Search ForexCrunch
  • Unemployment rate in Mexico ticks up to 3.7% in July.
  • Risk-off flows weigh on EM currencies on Tuesday.
  • US Dollar Index stays calm near 98 handle.

The USD/MXN pair rose to its highest level since December at 20.0850 on Tuesday as the Mexican peso struggled to find demand amid  disappointing macroeconomic data releases and the risk-off atmosphere. Although the pair eased from its highs in the last couple of hours, it remains on track to close the day above the critical 20 handle.

Earlier today, the data published by the national statistics agency showed that the jobless rate in Mexico in July ticked up to 3.7% from 3.6% and the country posted a trade deficit of $1.117 billion in the same period to miss the market expectation for a surplus of $0.406 billion.

In addition to the uninspiring data, the sharp drop witnessed in the US Treasury bond yields today forced investors to stay away from risk-sensitive emerging market currencies such as the MXN.  

For the first time in 12 years, the 30-year US Treasury bond yield fell below the yield on the 3-month Treasury bill and revived fears over an upcoming recession.  
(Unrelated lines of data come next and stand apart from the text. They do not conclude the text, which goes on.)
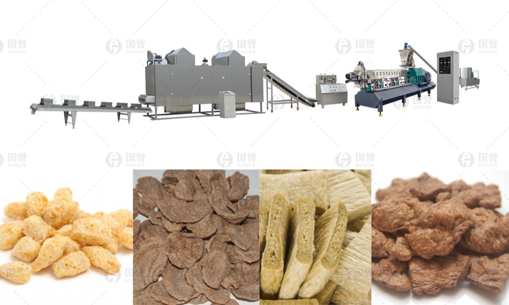 组织蛋白:主要采用单螺杆挤压蒸煮机,以普通的食用豆粕为原料,通过挤压、剪切、高温瞬时处理,使蛋白质发生变性并形成层状或网状结构。
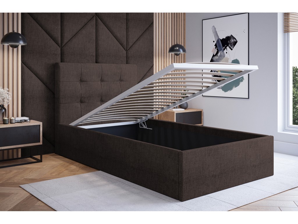 Łóżko tapicerowane Timo w rozmiarze 120 cm w tkaninie Inari 24 w brązowym odcieniu mlecznej czekolady to elegancka propozycja do sypialni, która łączy styl z funkcjonalnością. Wbudowany pojemnik pod stelażem pełni funkcję dodatkowego schowka, a miękkie wezgłowie zapewnia komfortowy odpoczynek.
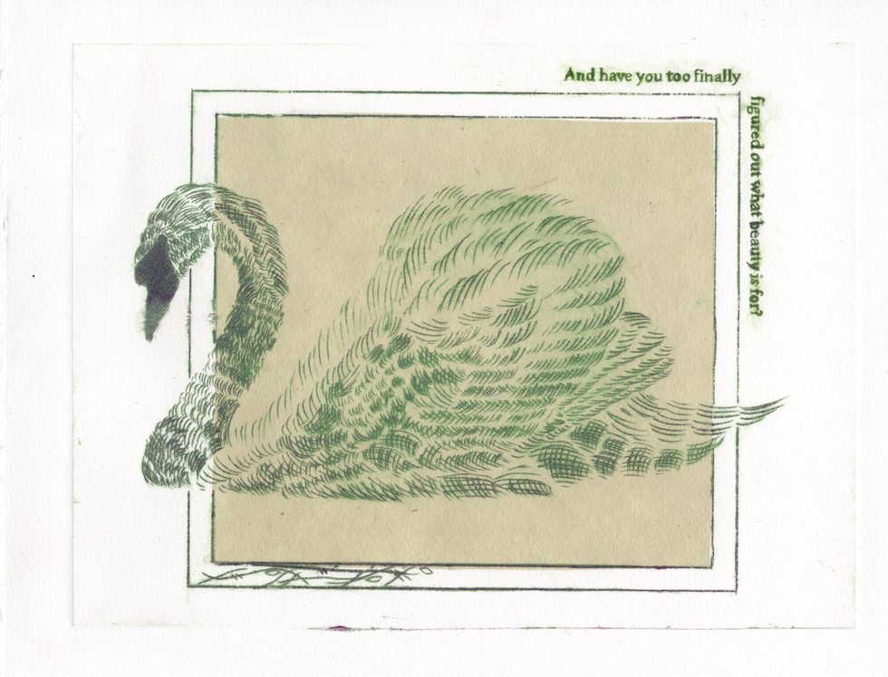 Fiona Kubalak, swan 3, 2023, dry point & chine collé, 6x9

USD capitalizes on strong confidence data

On the other hand, the US Dollar Index stayed relatively resilient despite falling T-bond yield and remains on track to close the day near the 98 handle. Today’s data from the US showed that the trade dispute with China is having little impact on the consumer sentiment with the Conference Board’s Consumer Confidence Index surpassing the market expectation with 135.9 in August. Additionally,  the Present Situation Index jumped to 177.2 from 170.9 in the same period, further weighing on expectations of the Fed opting out for a large rate cut in September and helped the Greenback stay strong against its peers.